Data extract:
[Start of Attachment]

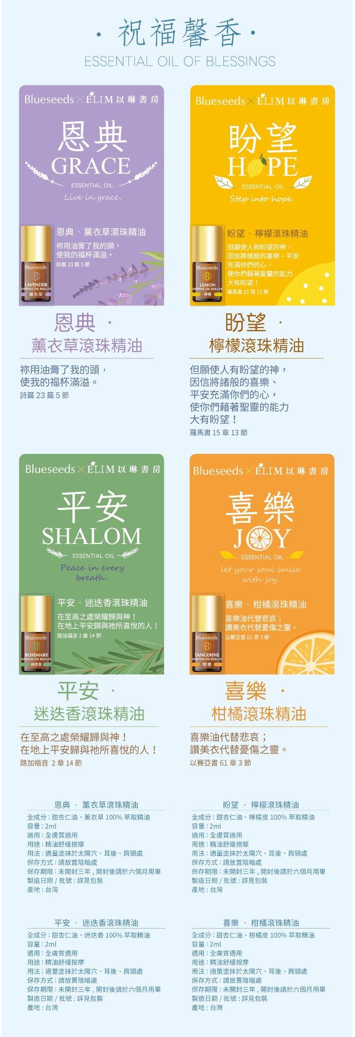 (大+小優惠組)以利亞-舒眠複方滾珠按摩精油--Blueseeds X ELIM 作者 : 出版社 : 芙彤園 商品語言: 裝訂: 貨品尺寸/規格: 限制數量: 供貨狀態: 譯者 : 出版日期: 2025/12/01 頁數: 5ml+2ml 適用分類: 運送條件: Blueseeds X ELIM 純淨精油福音商品 優惠期間: 2/28前 最純淨的精油 + 天上來的祝福 (商品可訂購,結帳後立刻為您進貨,請安心訂購) 調貨說明 1.舒眠+迷迭香:729 元 2.舒眠+柑橘:729 元 3.舒眠+薰衣草:729 元 4.舒眠+檸檬:729 元 NT$680 折扣: 0 折 數量: 放入購物車 加入追蹤清單 分享: 商品介紹 作者簡介 目錄 書摘/導讀 推薦序 我必安然躺下睡覺,因為獨有你─耶和華使我安然居住。 詩篇4篇8節 5ml以利亞舒眠精油 + 2ml任選優惠組 最近閱覽過的商品 買過這本書也買了
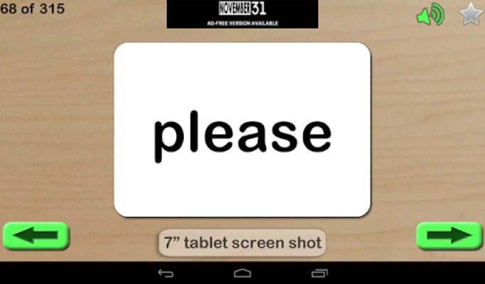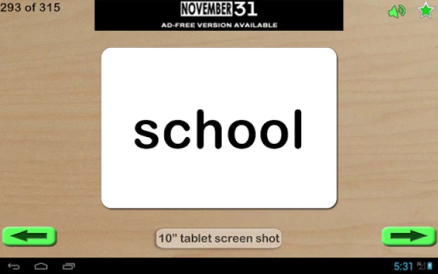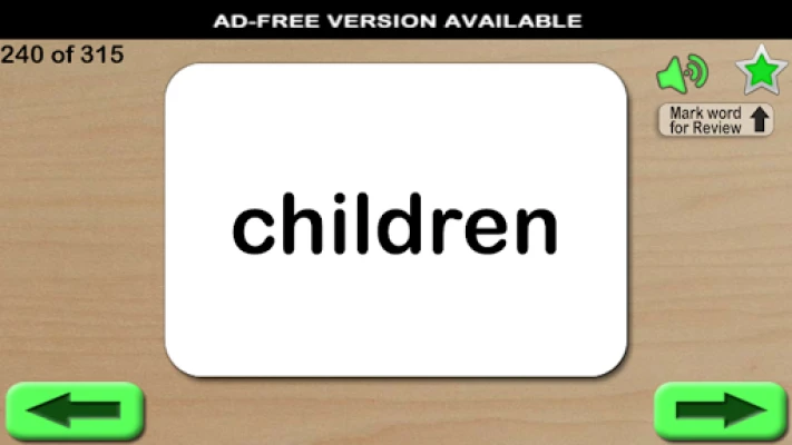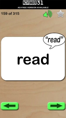 Features included: • Words can be marked to the Review list (use the star to mark and menu to clear list) • The word is read out when the card is touched • Long press buttons to jump to start or end
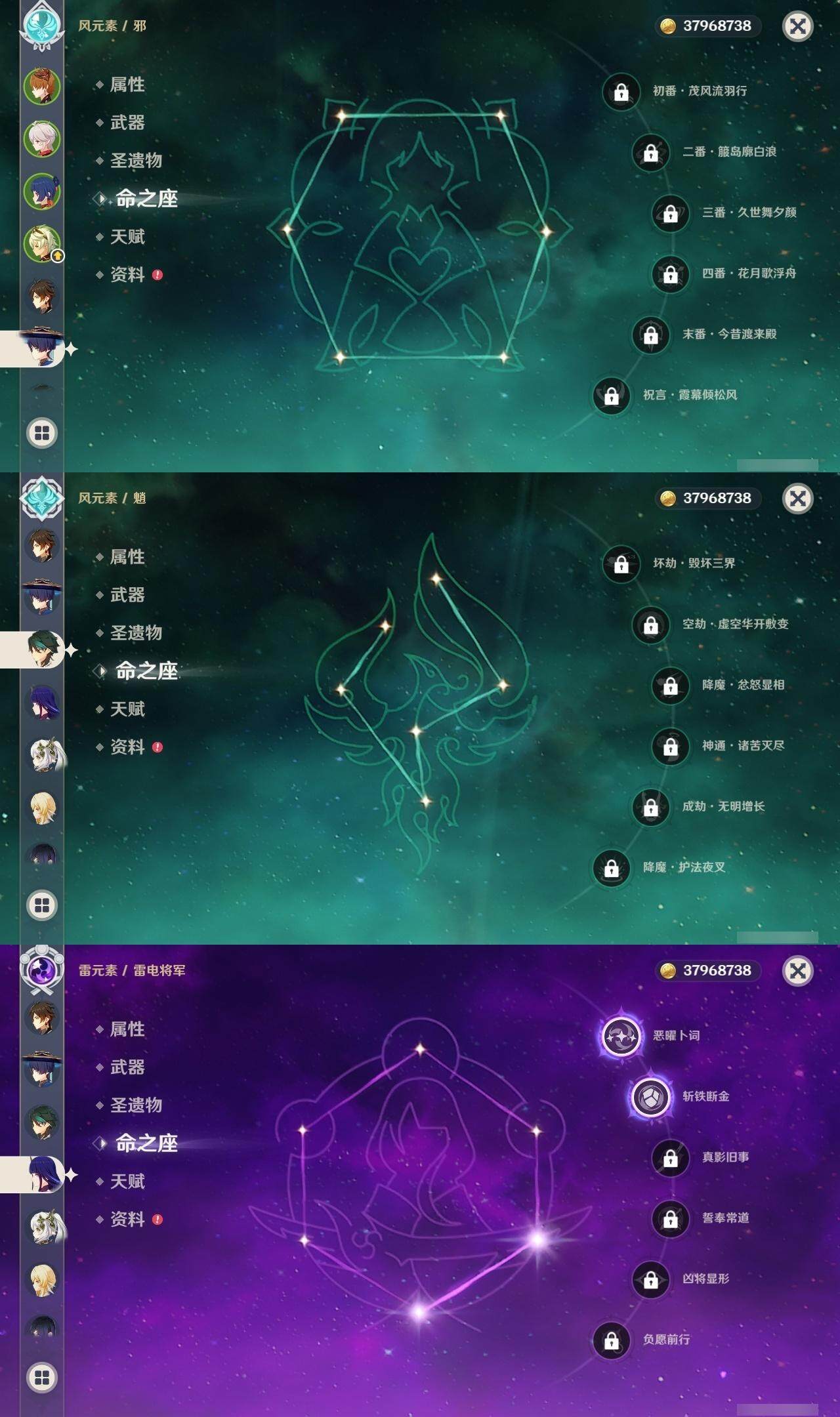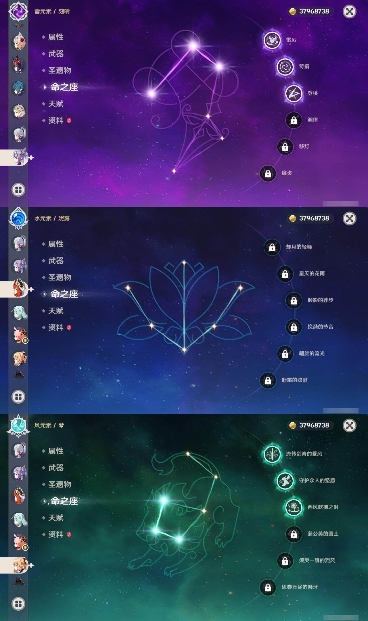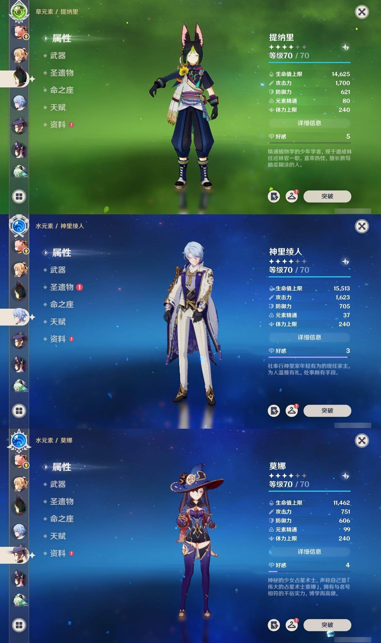 0命娜维娅,0命那维莱特,0命迪希雅,0命流浪者,0命纳西妲,0命妮露,0命赛诺,0命提纳里,0命夜兰,0命神里绫人,2命雷电将军,0命枫原万叶,0命神里绫华,0命钟离,0命魈,0命宵宫,0命可莉,0命达达利亚,0命阿贝多,0命珊瑚宫心海,3命刻晴,1命七七,3命琴,0命莫娜,3命迪卢克,0命恰斯卡,0命梦见月瑞希,精1裁断,精1千夜浮梦,精1赤沙之杖,精1圣显之钥,精1神乐之真意,精1息灾,精1冬极白星,精1薙草之稻光,精1雾切之回光,精1无工之剑,精1护摩之杖,精1四风原典,精1和璞鸢,精1天空之脊,精1阿莫斯之弓,精1天空之刃,精1风鹰剑,精1天空之傲

[End of Attachment]

Exercise aim: Output the material above exactly as written and drop any images it holds.

Task result:
 (大+小優惠組)以利亞-舒眠複方滾珠按摩精油--Blueseeds X ELIM 作者 : 出版社 : 芙彤園 商品語言: 裝訂: 貨品尺寸/規格: 限制數量: 供貨狀態: 譯者 : 出版日期: 2025/12/01 頁數: 5ml+2ml 適用分類: 運送條件: Blueseeds X ELIM 純淨精油福音商品 優惠期間: 2/28前 最純淨的精油 + 天上來的祝福 (商品可訂購,結帳後立刻為您進貨,請安心訂購) 調貨說明 1.舒眠+迷迭香:729 元 2.舒眠+柑橘:729 元 3.舒眠+薰衣草:729 元 4.舒眠+檸檬:729 元 NT$680 折扣: 0 折 數量: 放入購物車 加入追蹤清單 分享: 商品介紹 作者簡介 目錄 書摘/導讀 推薦序 我必安然躺下睡覺,因為獨有你─耶和華使我安然居住。 詩篇4篇8節 5ml以利亞舒眠精油 + 2ml任選優惠組 最近閱覽過的商品 買過這本書也買了
 Features included: • Words can be marked to the Review list (use the star to mark and menu to clear list) • The word is read out when the card is touched • Long press buttons to jump to start or end
 0命娜维娅,0命那维莱特,0命迪希雅,0命流浪者,0命纳西妲,0命妮露,0命赛诺,0命提纳里,0命夜兰,0命神里绫人,2命雷电将军,0命枫原万叶,0命神里绫华,0命钟离,0命魈,0命宵宫,0命可莉,0命达达利亚,0命阿贝多,0命珊瑚宫心海,3命刻晴,1命七七,3命琴,0命莫娜,3命迪卢克,0命恰斯卡,0命梦见月瑞希,精1裁断,精1千夜浮梦,精1赤沙之杖,精1圣显之钥,精1神乐之真意,精1息灾,精1冬极白星,精1薙草之稻光,精1雾切之回光,精1无工之剑,精1护摩之杖,精1四风原典,精1和璞鸢,精1天空之脊,精1阿莫斯之弓,精1天空之刃,精1风鹰剑,精1天空之傲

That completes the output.